◆ **Given information**
Segment Open

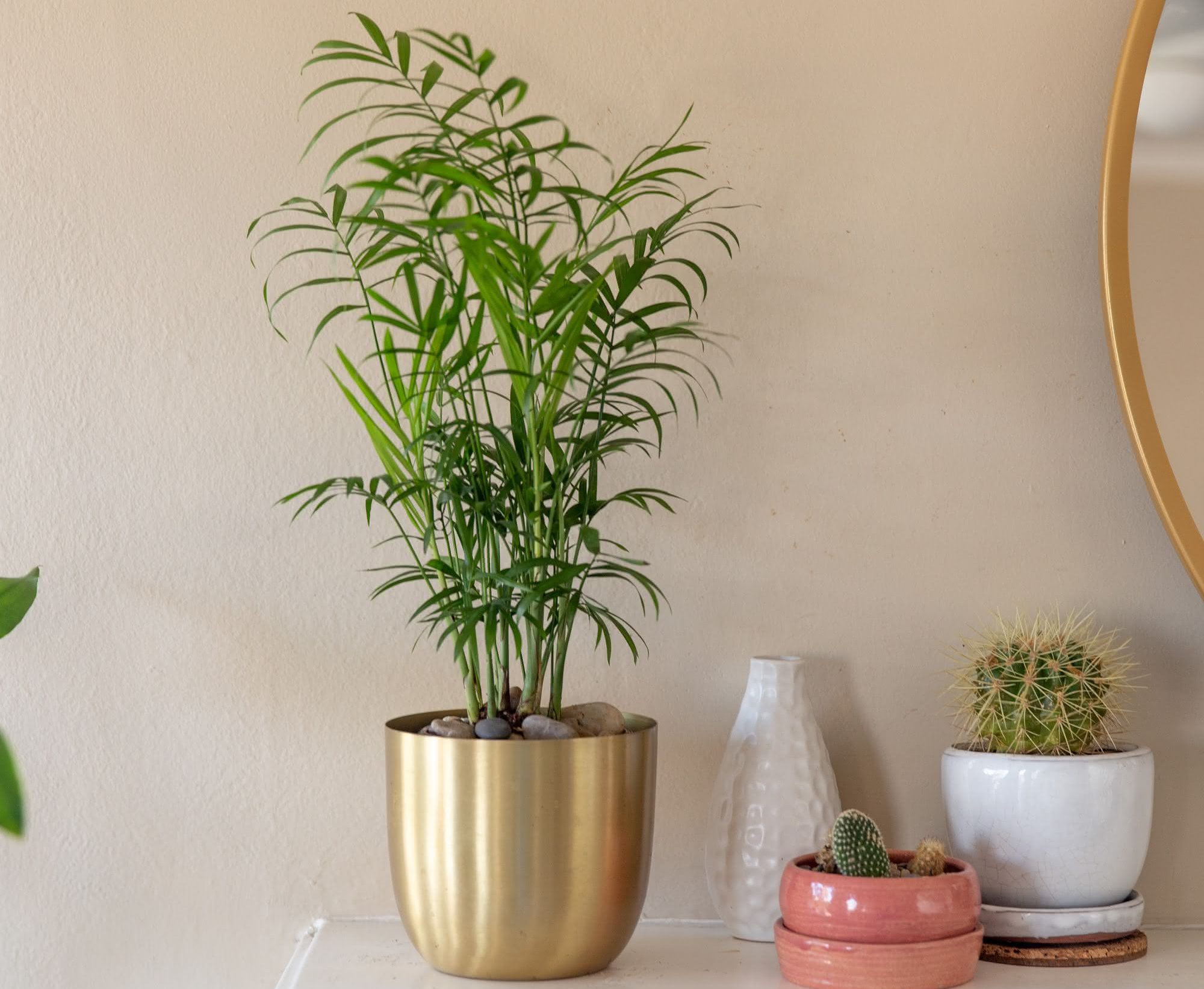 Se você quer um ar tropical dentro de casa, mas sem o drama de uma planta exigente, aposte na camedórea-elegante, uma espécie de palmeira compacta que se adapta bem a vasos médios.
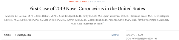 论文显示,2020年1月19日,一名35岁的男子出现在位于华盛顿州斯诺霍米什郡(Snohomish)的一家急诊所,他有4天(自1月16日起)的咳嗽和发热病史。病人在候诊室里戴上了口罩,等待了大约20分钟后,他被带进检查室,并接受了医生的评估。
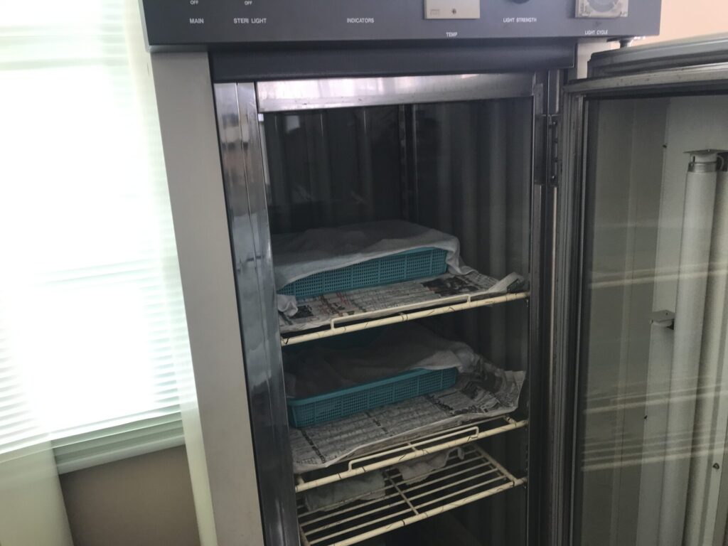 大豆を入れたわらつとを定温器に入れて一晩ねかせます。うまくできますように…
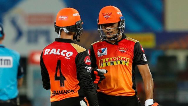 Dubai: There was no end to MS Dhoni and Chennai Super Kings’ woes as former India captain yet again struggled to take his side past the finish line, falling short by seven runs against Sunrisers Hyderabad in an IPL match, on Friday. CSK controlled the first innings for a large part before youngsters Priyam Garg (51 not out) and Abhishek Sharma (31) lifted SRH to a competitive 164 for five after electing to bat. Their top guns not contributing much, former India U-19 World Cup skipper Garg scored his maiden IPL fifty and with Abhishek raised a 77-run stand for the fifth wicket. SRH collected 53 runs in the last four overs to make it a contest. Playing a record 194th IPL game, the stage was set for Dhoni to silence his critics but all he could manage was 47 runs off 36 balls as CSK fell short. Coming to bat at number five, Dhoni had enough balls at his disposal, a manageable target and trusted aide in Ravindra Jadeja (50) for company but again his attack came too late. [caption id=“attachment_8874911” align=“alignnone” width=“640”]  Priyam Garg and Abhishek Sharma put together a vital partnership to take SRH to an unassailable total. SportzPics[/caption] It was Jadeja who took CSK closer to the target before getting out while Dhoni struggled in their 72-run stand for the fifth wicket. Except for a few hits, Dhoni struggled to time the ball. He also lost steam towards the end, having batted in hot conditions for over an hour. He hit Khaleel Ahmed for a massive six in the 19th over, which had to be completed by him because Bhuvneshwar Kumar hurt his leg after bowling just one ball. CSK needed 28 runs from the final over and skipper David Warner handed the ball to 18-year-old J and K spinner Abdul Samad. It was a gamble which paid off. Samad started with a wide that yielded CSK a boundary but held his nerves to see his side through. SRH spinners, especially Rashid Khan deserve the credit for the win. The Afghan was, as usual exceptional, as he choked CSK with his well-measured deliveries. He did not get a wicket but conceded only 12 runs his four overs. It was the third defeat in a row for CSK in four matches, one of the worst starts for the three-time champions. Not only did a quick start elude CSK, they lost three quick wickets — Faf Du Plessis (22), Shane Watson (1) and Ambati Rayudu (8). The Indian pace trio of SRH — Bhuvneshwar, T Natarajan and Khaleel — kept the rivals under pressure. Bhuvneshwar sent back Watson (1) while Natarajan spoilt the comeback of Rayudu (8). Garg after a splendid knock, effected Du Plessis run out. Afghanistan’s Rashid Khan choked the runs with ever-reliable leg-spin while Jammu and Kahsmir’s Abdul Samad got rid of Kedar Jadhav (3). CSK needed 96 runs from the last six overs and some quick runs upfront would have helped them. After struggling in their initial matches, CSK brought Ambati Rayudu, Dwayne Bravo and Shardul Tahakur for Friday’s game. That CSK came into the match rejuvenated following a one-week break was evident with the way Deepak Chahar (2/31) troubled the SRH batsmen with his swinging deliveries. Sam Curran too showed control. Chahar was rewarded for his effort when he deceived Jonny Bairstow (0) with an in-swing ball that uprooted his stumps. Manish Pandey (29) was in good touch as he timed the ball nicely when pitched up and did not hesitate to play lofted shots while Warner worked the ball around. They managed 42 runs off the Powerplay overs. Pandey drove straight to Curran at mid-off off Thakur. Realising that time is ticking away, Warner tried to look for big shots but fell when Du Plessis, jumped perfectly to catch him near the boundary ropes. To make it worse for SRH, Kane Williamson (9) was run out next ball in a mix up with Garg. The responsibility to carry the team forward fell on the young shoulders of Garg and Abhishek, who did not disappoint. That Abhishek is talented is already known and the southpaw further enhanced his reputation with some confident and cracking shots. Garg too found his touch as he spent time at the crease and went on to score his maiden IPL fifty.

Segment Closed

◆ **Task item**
All that's required is the material above repeated exactly, minus any picture.

◆ **Response below**
 Se você quer um ar tropical dentro de casa, mas sem o drama de uma planta exigente, aposte na camedórea-elegante, uma espécie de palmeira compacta que se adapta bem a vasos médios.
 论文显示,2020年1月19日,一名35岁的男子出现在位于华盛顿州斯诺霍米什郡(Snohomish)的一家急诊所,他有4天(自1月16日起)的咳嗽和发热病史。病人在候诊室里戴上了口罩,等待了大约20分钟后,他被带进检查室,并接受了医生的评估。
 大豆を入れたわらつとを定温器に入れて一晩ねかせます。うまくできますように…
 Dubai: There was no end to MS Dhoni and Chennai Super Kings’ woes as former India captain yet again struggled to take his side past the finish line, falling short by seven runs against Sunrisers Hyderabad in an IPL match, on Friday. CSK controlled the first innings for a large part before youngsters Priyam Garg (51 not out) and Abhishek Sharma (31) lifted SRH to a competitive 164 for five after electing to bat. Their top guns not contributing much, former India U-19 World Cup skipper Garg scored his maiden IPL fifty and with Abhishek raised a 77-run stand for the fifth wicket. SRH collected 53 runs in the last four overs to make it a contest. Playing a record 194th IPL game, the stage was set for Dhoni to silence his critics but all he could manage was 47 runs off 36 balls as CSK fell short. Coming to bat at number five, Dhoni had enough balls at his disposal, a manageable target and trusted aide in Ravindra Jadeja (50) for company but again his attack came too late. [caption id=“attachment_8874911” align=“alignnone” width=“640”]  Priyam Garg and Abhishek Sharma put together a vital partnership to take SRH to an unassailable total. SportzPics[/caption] It was Jadeja who took CSK closer to the target before getting out while Dhoni struggled in their 72-run stand for the fifth wicket. Except for a few hits, Dhoni struggled to time the ball. He also lost steam towards the end, having batted in hot conditions for over an hour. He hit Khaleel Ahmed for a massive six in the 19th over, which had to be completed by him because Bhuvneshwar Kumar hurt his leg after bowling just one ball. CSK needed 28 runs from the final over and skipper David Warner handed the ball to 18-year-old J and K spinner Abdul Samad. It was a gamble which paid off. Samad started with a wide that yielded CSK a boundary but held his nerves to see his side through. SRH spinners, especially Rashid Khan deserve the credit for the win. The Afghan was, as usual exceptional, as he choked CSK with his well-measured deliveries. He did not get a wicket but conceded only 12 runs his four overs. It was the third defeat in a row for CSK in four matches, one of the worst starts for the three-time champions. Not only did a quick start elude CSK, they lost three quick wickets — Faf Du Plessis (22), Shane Watson (1) and Ambati Rayudu (8). The Indian pace trio of SRH — Bhuvneshwar, T Natarajan and Khaleel — kept the rivals under pressure. Bhuvneshwar sent back Watson (1) while Natarajan spoilt the comeback of Rayudu (8). Garg after a splendid knock, effected Du Plessis run out. Afghanistan’s Rashid Khan choked the runs with ever-reliable leg-spin while Jammu and Kahsmir’s Abdul Samad got rid of Kedar Jadhav (3). CSK needed 96 runs from the last six overs and some quick runs upfront would have helped them. After struggling in their initial matches, CSK brought Ambati Rayudu, Dwayne Bravo and Shardul Tahakur for Friday’s game. That CSK came into the match rejuvenated following a one-week break was evident with the way Deepak Chahar (2/31) troubled the SRH batsmen with his swinging deliveries. Sam Curran too showed control. Chahar was rewarded for his effort when he deceived Jonny Bairstow (0) with an in-swing ball that uprooted his stumps. Manish Pandey (29) was in good touch as he timed the ball nicely when pitched up and did not hesitate to play lofted shots while Warner worked the ball around. They managed 42 runs off the Powerplay overs. Pandey drove straight to Curran at mid-off off Thakur. Realising that time is ticking away, Warner tried to look for big shots but fell when Du Plessis, jumped perfectly to catch him near the boundary ropes. To make it worse for SRH, Kane Williamson (9) was run out next ball in a mix up with Garg. The responsibility to carry the team forward fell on the young shoulders of Garg and Abhishek, who did not disappoint. That Abhishek is talented is already known and the southpaw further enhanced his reputation with some confident and cracking shots. Garg too found his touch as he spent time at the crease and went on to score his maiden IPL fifty.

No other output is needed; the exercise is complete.